И вот прочитал он, что рожден от брата и сестры, пал на землю и возопил:
— Горе мне! Так вот каковы суть мои родители! Отправлюсь же я в Святую землю, стану там биться за грехи родителей моих и скончаю там дни свои. Истинно говорю тебе и неотступно, господин мой, отдай меня в воинскую службу.
И сделал надзиратель по его словам.
Когда же принял он дозволение покинуть обитель, то сделался плач великий по всей братии, скорбь в народе и горевание в округе; Григорий же направил к морю стопы свои, где и уговорился с плавателями, чтобы доставили его в Святую землю.
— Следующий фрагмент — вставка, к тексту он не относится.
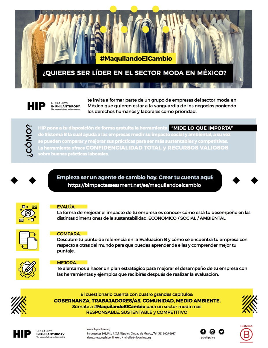 Con el objetivo de ayudar a que las empresas en el sector de la moda puedan aprender lo necesario para construir un mejor negocio en materia social y ambiental, Hispanics in Philanthropy, aliado de Fundación C&A, creó junto con Sistema B la herramienta “Mide Lo Que Importa”, la cual estará disponible de manera gratuita hasta el 30 de septiembre.

12. А когда были они в плавании, то встали противные ветры и пригнали их нечаянно к тому городу, где мать его обреталась в замке; а что это был за город и что за царство, о том пловцы не знали. И вот вошедшему нашему воину в город встретился некий горожанин и вопросил его:
— Господин мой, куда путь держишь?
Григорий ответствовал:
— Приюта взыскую.
Оный горожанин тогда ввел его в свой дом к семейству своему и услужил ему отменно. Когда же сидели они в застолье, то господин Григорий хозяина своего спросил:
— Господин мой, что это за город и кто над сею землею государь?
Тот ему ответствовал:
— Любезнейший, был у нас кесарем могучий муж. Но скончался он во Святой земле, не оставя никакого наследника, кроме сестры своей; некий князь пожелал ее в жены, но она отказалась от всякого с ним сочетания; а он, вознегодовав, оружною рукою захватил все наше царство, кроме единого этого города.
Говорит наш воин:
— Могу ли безопасно открыть тебе тайну сердца моего?
Отвечает хозяин:
— Со всяческой безопасностью, господин мой!
Сказал тогда Григорий:
— Воин я, и прошу тебя, явись завтра во дворец и доложи обо мне домоправителю: если примут меня на жалованье, сей же год пойду я на бой за право государыни.
Отвечает горожанин:
— Бессомненно, господин мой, приходу твоему возрадуется она всем сердцем; завтра же пойду я во дворец и сделаю дело до конца.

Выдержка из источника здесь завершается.